DATA RECORDS START

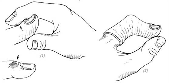 (1) хирург пальцами надавливает на гипсовую лангету, что может вызвать некроз кожи на тыльной стороне; (2) правильный метод – заставить пациента большим пальцем надавливать на повреждённый палец в гипсовой лангете в виде трубки, чтобы дистальная фаланга была разогнута
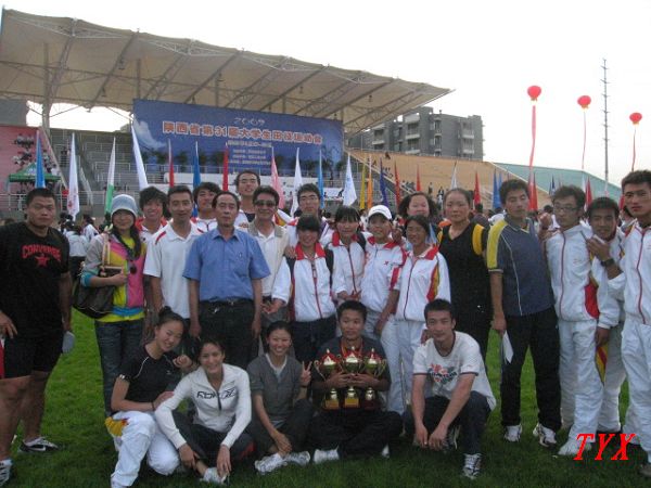 在日前结束的陕西省第三十一届大学生田径运动会上,我院代表队在领队田径教研室主任韩敬及教练许崇高、赵清波、刘占峰、郁成刚、马文新带领下获得男子团体总分、女子团体总分、男女团体总分第一名的成绩,并获得了精神文明奖。
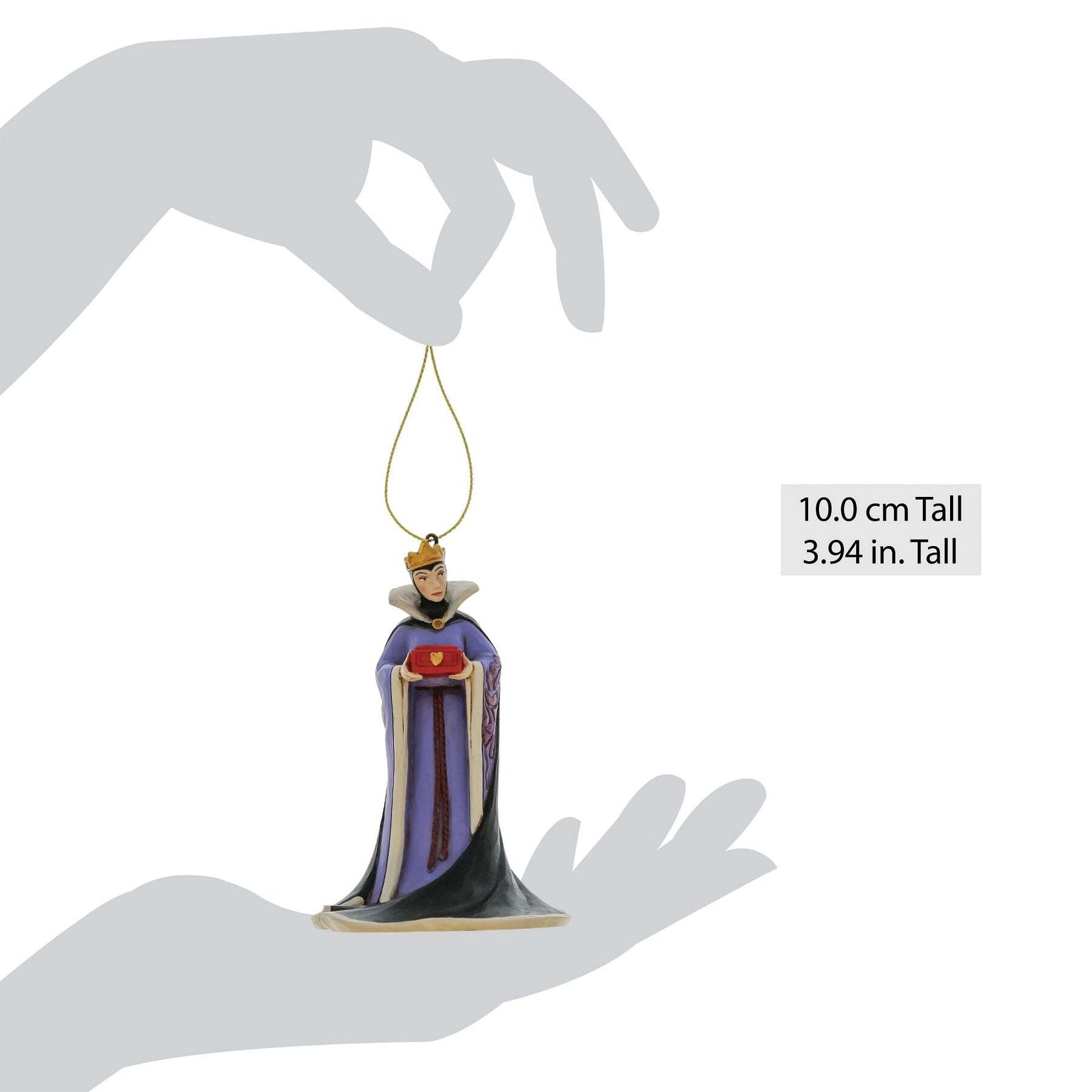 The Witch Queen from Disney's first feature film, "Snow White and the Seven Dwarfs," is hand-crafted. This hanging ornament is perfect for adding a touch of mischief to your Christmas tree. These figurines are not children's toys. For adult use only.
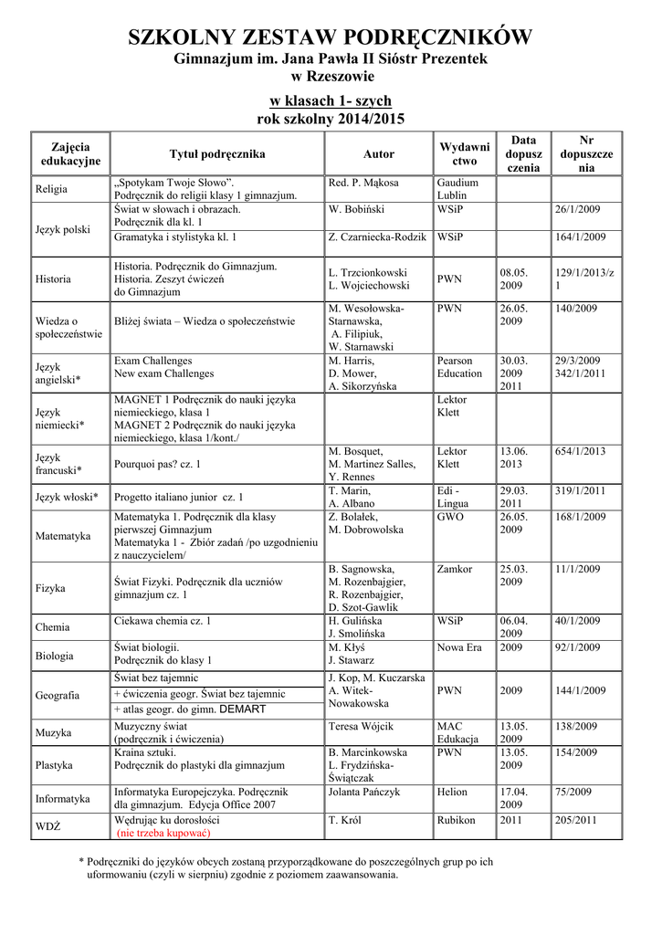 SZKOLNY ZESTAW PODRĘCZNIKÓW Gimnazjum im. Jana Pawła II Sióstr Prezentek w Rzeszowie w klasach 1- szych rok szkolny 2014/2015 Zajęcia edukacyjne Religia Język polski Tytuł podręcznika „Spotykam Twoje Słowo”. Podręcznik do religii klasy 1 gimnazjum. Świat w słowach i obrazach. Podręcznik dla kl. 1 Gramatyka i stylistyka kl. 1 Historia. Podręcznik do Gimnazjum. Historia. Zeszyt ćwiczeń do Gimnazjum Historia Wiedza o społeczeństwie Bliżej świata – Wiedza o społeczeństwie Język angielski* Exam Challenges New exam Challenges Język niemiecki* MAGNET 1 Podręcznik do nauki języka niemieckiego, klasa 1 MAGNET 2 Podręcznik do nauki języka niemieckiego, klasa 1/kont./ Język francuski* Pourquoi pas? cz. 1 Język włoski* Progetto italiano junior cz. 1 Matematyka Matematyka 1. Podręcznik dla klasy pierwszej Gimnazjum Matematyka 1 - Zbiór zadań /po uzgodnieniu z nauczycielem/ Fizyka Świat Fizyki. Podręcznik dla uczniów gimnazjum cz. 1 Ciekawa chemia cz. 1 Chemia Autor Red. P. Mąkosa W. Bobiński L. Trzcionkowski L. Wojciechowski M. WesołowskaStarnawska, A. Filipiuk, W. Starnawski M. Harris, D. Mower, A. Sikorzyńska 08.05. 2009 129/1/2013/z 1 PWN 26.05. 2009 140/2009 Pearson Education 30.03. 2009 2011 29/3/2009 342/1/2011 PWN 13.06. 2013 654/1/2013 Edi Lingua GWO 29.03. 2011 26.05. 2009 319/1/2011 B. Sagnowska, M. Rozenbajgier, R. Rozenbajgier, D. Szot-Gawlik H. Gulińska J. Smolińska M. Kłyś J. Stawarz Zamkor 25.03. 2009 11/1/2009 WSiP 40/1/2009 Nowa Era 06.04. 2009 2009 PWN 2009 144/1/2009 MAC Edukacja PWN 13.05. 2009 13.05. 2009 138/2009 Helion 17.04. 2009 2011 75/2009 Geografia Muzyczny świat (podręcznik i ćwiczenia) Kraina sztuki. Podręcznik do plastyki dla gimnazjum Teresa Wójcik WDŻ 164/1/2009 Lektor Klett J. Kop, M. Kuczarska A. WitekNowakowska Informatyka Europejczyka. Podręcznik dla gimnazjum. Edycja Office 2007 Wędrując ku dorosłości (nie trzeba kupować) 26/1/2009 M. Bosquet, M. Martinez Salles, Y. Rennes T. Marin, A. Albano Z. Bolałek, M. Dobrowolska Świat bez tajemnic + ćwiczenia geogr. Świat bez tajemnic + atlas geogr. do gimn. DEMART Informatyka Gaudium Lublin WSiP Nr dopuszcze nia Lektor Klett Świat biologii. Podręcznik do klasy 1 Plastyka Data dopusz czenia Z. Czarniecka-Rodzik WSiP Biologia Muzyka Wydawni ctwo B. Marcinkowska L. FrydzińskaŚwiątczak Jolanta Pańczyk T. Król Rubikon * Podręczniki do języków obcych zostaną przyporządkowane do poszczególnych grup po ich uformowaniu (czyli w sierpniu) zgodnie z poziomem zaawansowania. 168/1/2009 92/1/2009 154/2009 205/2011 SZKOLNY ZESTAW PODRĘCZNIKÓW Gimnazjum im. Jana Pawła II Sióstr Prezentek w Rzeszowie w klasach 2- ich rok szkolny 2014/2015 Zajęcia edukacyjne Tytuł podręcznika Z Tobą idę przez życie Religia Język polski Świat w słowach i obrazach. Podręcznik dla kl. 2 Gramatyka i stylistyka kl. 2 Historia. Czasy nowożytne. Podręcznik dla Gimnazjum. Klasa 2 Historia Wiedza o społeczeństwie Język angielski Język niemiecki Język francuski Język włoski* Matematyka Fizyka Zeszyt ćwiczeń na mapach konturowych. Klasa 1 – 3 Historia. Czasy nowożytne. Zeszyt ćwiczeń dla Gimnazjum. Klasa 2 Bliżej świata –Wiedza o społeczeństwie Data dopusz czenia Nr dopuszcze nia Gaudium 2013 Lublin WSiP 26/2/2009 Z. CzarnieckaRodzik J. Chachaj J. Drob WSiP 164/2/2009 PWN 2010 PWN 2010 PWN 26.05. 2009 Pearson Education 129/2/2010 W. Chybowski 140/2009 Edi - Lingua Matematyka 2. Podręcznik. T. Marin, A. Albano M. Dobrowolska GWO 30.03. 29/3/2009 2009 342/1/2011 2011 ten podręcznik nie ma numeru 2009 51/1/2009 51/2/2009 05.06. 654/2/2014 2014 03.02. 319/2/2012 2012 2010 168/2/2010 Świat fizyki. Podręcznik cz. 2 B. Sagnowska Zamkor 2010 11/2/2010 H. Gulińska WSiP 40/1/2009 Cambridge Longman LektorKlett LektorKlett „Pourquoi pas” cz.2 Progetto italiano junior cz. 2 M. Kłyś J. Stawarz Świat bez tajemnic, kl.2 J. Kop, + ćwiczenia geogr. Świat bez tajemnic M. Kucharska A. Witek+ atlas geogr. Do gim. DEMART Nowakowska Informatyka Europejczyka. Podręcznik Jolanta Pańczyk dla gimnazjum. Edycja Office 2007 Nowa Era 06.04. 2009 2010 PWN 2009 144/2/2009 Helion 17.04. 2009 75/2009 Wędrując ku dorosłości (nie trzeba kupować) Rubikon 2011 205/2011 Ciekawa chemia. Podręcznik cz. 2 Biologia Świat biologii. Podręcznik do klasy 2 Informatyka Wydawni ctwo ks. red. Paweł Mąkosa W. Bobiński E. Ciosek A. Kowal U. Małek M. WesołowskaStarnawska, A. Filipiuk, Kontynuacja podręcznika z kl. 1 W. Starnawski Exam Challenges M. Harris, New exam Challenges D. Mower, A. Sikorzyńska FC COMPLETE G. Brook Bell, Grover Magnet 2 Magnet 3 (gr. kontyn.) Chemia Geografia Autor 92/2/2010 Zaj. artystyczne WDŻ Teresa Król * Podręczniki do języków obcych zostaną przyporządkowane do poszczególnych grup po ich uformowaniu (czyli w sierpniu) zgodnie z poziomem zaawansowania SZKOLNY ZESTAW PODRĘCZNIKÓW Gimnazjum im. Jana Pawła II Sióstr Prezentek w Rzeszowie w klasach 3- ich rok szkolny 2014/2015 Zajęcia edukacyjne Religia Język polski Historia Tytuł podręcznika Język angielski * Zespół autorów WAM 2006 ks. Zbigniew Marek Zeszyt ćwiczeń E. Ciosek A. Kowal U. Małek R. Czupryk FC COMPLETE Język niemiecki * Kompass 3 Kompass 4 Język francuski* Le Mag cz.3 Język włoski* Progetto italiano junior cz. 3 Matematyka Fizyka Chemia Biologia Geografia Plastyka Zajęcia techniczne Data Wydawnictwo dopuszcze nia „W drodze do Emaus. Jezus prowadzi i zbawia. Podręcznik do religii dla III klasy gimnazjum. Słowa na czasie. Podręcznik do kształcenia literackiego i kulturowego dla klasy trzeciej gimnazjum. Słowa na czasie. Podręcznik do kształcenia językowego z ćwiczeniami. Historia. Wiek XIX . Podręcznik dla gimnazjum kl. 3 Wiedza o kulturze Podręcznik dostępny w wersji elektronicznej. Exam Challenges WOK Autor Nr dopuszczenia NOWA ERA NOWA ERA J. Chachaj J. Drob M. Harris, D. Mower, A. Sikorzyńska G. Brook Bell, Grover A. Sibiga M. Jezierska-Wiejak
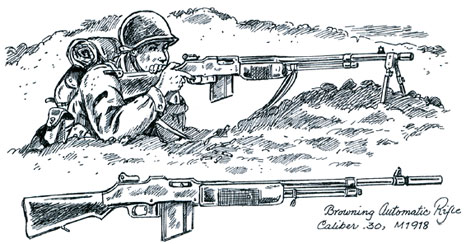 California The Battalion reactivated 1 October 1949 at Camp Pendleton, California, as the 1st Battalion, 5th Marines, 1st Marine Division, Fleet Marine Force. It was redesignated 7 July 1950 as the 1st Battalion, 5th Marines, 1st Provisional Marine Brigade, Fleet Marine Force. It deployed during August 1950 to Korea , and was redesignated 13 September 1950 as the 1st Battalion, 5th Marines, 1st Marine Division, Fleet Marine Force. the unit participated in the Korean War Operating from Pusan Perimeter, Inchon-Seoul, Chosin Reservoir, East Central Front, and Western Front. It participated in the defense of the Korean Demilitarized Zone from July 1953 to February 1955. The Battalion relocated during March 1955 to Camp Pendleton, California. **USS General George M. Randall (AP-115) Korean War As an MSTS ship, USS General George M. Randall made scheduled runs between the West coast of the United States and the Orient until fighting erupted in Korea in the summer of 1950. She participated in the amphibious assault at Inchon which routed the North Korean Army and forced Communist evacuation of South Korea. After hordes of Chinese Communist troops poured into Korea and trapped American forces, she served in the evacuation of Hungnam, which saved the embattled G.I.'s enabling them to return to the fight. She moored at New York, New York, on 26 May 1951, and made four voyages from New York to Bremerhaven and Southampton before returning to the Pacific. On 11 March 1951, General George M. Randall departed Yokohama, Japan, with the bodies of 52 men, the first Korean War dead to be returned to the United States, including Major General Bryant E. Moore, who had commanded the IX Corps. Armed Services honor guards were in attendance at the departure, as was an Army Band, and was heavily covered by the press. The ship arrived at San Francisco, also carrying 1500 officers and men of the 1st Marine Division being rotated home for 30 day leave. She then returned to Yokohama on 24 October. ***1st Marine Division(From the 1st Marine Division Presidential Unit Citation Award) The President of the United States takes pleasure in presenting The Presidential Unit Citation to the First Marine Division Reinforced for services as set forth in the following citation: "For extraordinary heroism in action against the enemy aggressor forces in Korea during the periods 21 to 26 April, 16 May to 30 June, and 11 to 25 September, 1951. Spearheading the first counteroffensive in the spring of 1951, the First Marine Division, Reinforced, engaged the enemy in the mountainous center of Korea in a brilliant series of actions unparalleled in the history of the Marine Corps, destroying and routing hostile forces with an unrelenting drive of seventy miles north from Wonju. During the period 21 to 26 April, the full force of the enemy counteroffensive was met by the Division, north of the Hwachon Reservoir. Although major units flanking The Marine Division were destroyed or driven back by the force of this attack, the Division held firm against the attackers, repelling the onslaught from three directions and preventing the encirclement of the key center of the lines. Following a rapid regrouping of friendly forces in close contact with the enemy, the First Marine Division, Reinforced, was committed into the flanks of the massive enemy penetration and, from 16 May to 30 June, was locked in violent and crucial battle which resulted in the enemy being driven back to the north with disastrous losses to his forces in the number of killed, wounded, and captured. Carrying out a series of devastating assaults, the Division succeeded in reducing the enemy's main fortified complex dominating the 38th Parallel." (From the 1st Marine Division Presidential Unit Citation Award) The President of the Republic of Korea takes profound pleasure in citing for outstanding and superior performance of duty during the period 26 October to 27 July 1953 the First United States Marine Division Reinforced for the award of President Unit Citation: "Landing at Wonsan on 26 October 1950 the First United States Marine Division (Reinforced) advanced to Yudam-ni where they engaged the Chinese Communist Forces. The heroic and courageous fighting of the First United States Marine Division (Reinforced), which was outnumbered but never outfought by the Chinese Communist Forces; coupled with its fight against the terrible winter weather in this return to Hungnam, has added another glorious page to the brilliant history of the United States Marines. After regrouping and retraining, the First United States Marine Division (Reinforced) rejoined the United Nations Forces and began the attack to the north which drove the aggressors relentlessly before them. The enemy spring offensive during April 1951 which threatened to nullify the recent United Nations gains was successfully repulsed by the First Marine Division (Reinforced) and when other Republic of Korea Forces were heavily pressed and fighting for survival the timely offensive by this Division gave heart to the people of Korea." ****Browning Automatic Rifle (BAR) WWI saw the first use of automatic weapons on a large scale. The Model 1918 Browning Automatic Rifle, known as the BAR, was created by arms designer John Browning to be a light automatic weapon which could be fired from the shoulder or hip. The weapon saw service with the American forces during the last stages of WWI, where it provided "walking fire" for attacks on enemy positions. It fired a standard .30 caliber rifle cartridge that was valued for its range and penetrating power. Between the World Wars, several variations on the basic design were made, including the addition of a folding bipod. The BAR was used extensively in WWII where it became an essential weapon in the American rifle squad. During the Korean War, the BAR again saw active service in all major campaigns. Its accurate automatic fire took a deadly toll on the enemy. |
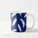 Weiße Federn auf dunkelblau / Marine / indigo - gemischtes mediales Grafikdesign von weißen Federn, schwebend auf einem kontrastfarbenen Hintergrund
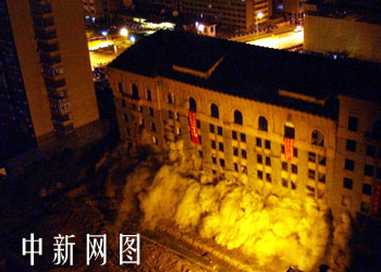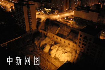 爆破中的中華全國總工會大樓。中新社記者 鄒憲攝

DATA RECORDS END

ACTIVITY: Give again, word for word, every line from the top of the data above to the line holding "The Witch Queen", inclusive, with the pictures left out.

TASK RESULT:
 (1) хирург пальцами надавливает на гипсовую лангету, что может вызвать некроз кожи на тыльной стороне; (2) правильный метод – заставить пациента большим пальцем надавливать на повреждённый палец в гипсовой лангете в виде трубки, чтобы дистальная фаланга была разогнута
 在日前结束的陕西省第三十一届大学生田径运动会上,我院代表队在领队田径教研室主任韩敬及教练许崇高、赵清波、刘占峰、郁成刚、马文新带领下获得男子团体总分、女子团体总分、男女团体总分第一名的成绩,并获得了精神文明奖。
 The Witch Queen from Disney's first feature film, "Snow White and the Seven Dwarfs," is hand-crafted. This hanging ornament is perfect for adding a touch of mischief to your Christmas tree. These figurines are not children's toys. For adult use only.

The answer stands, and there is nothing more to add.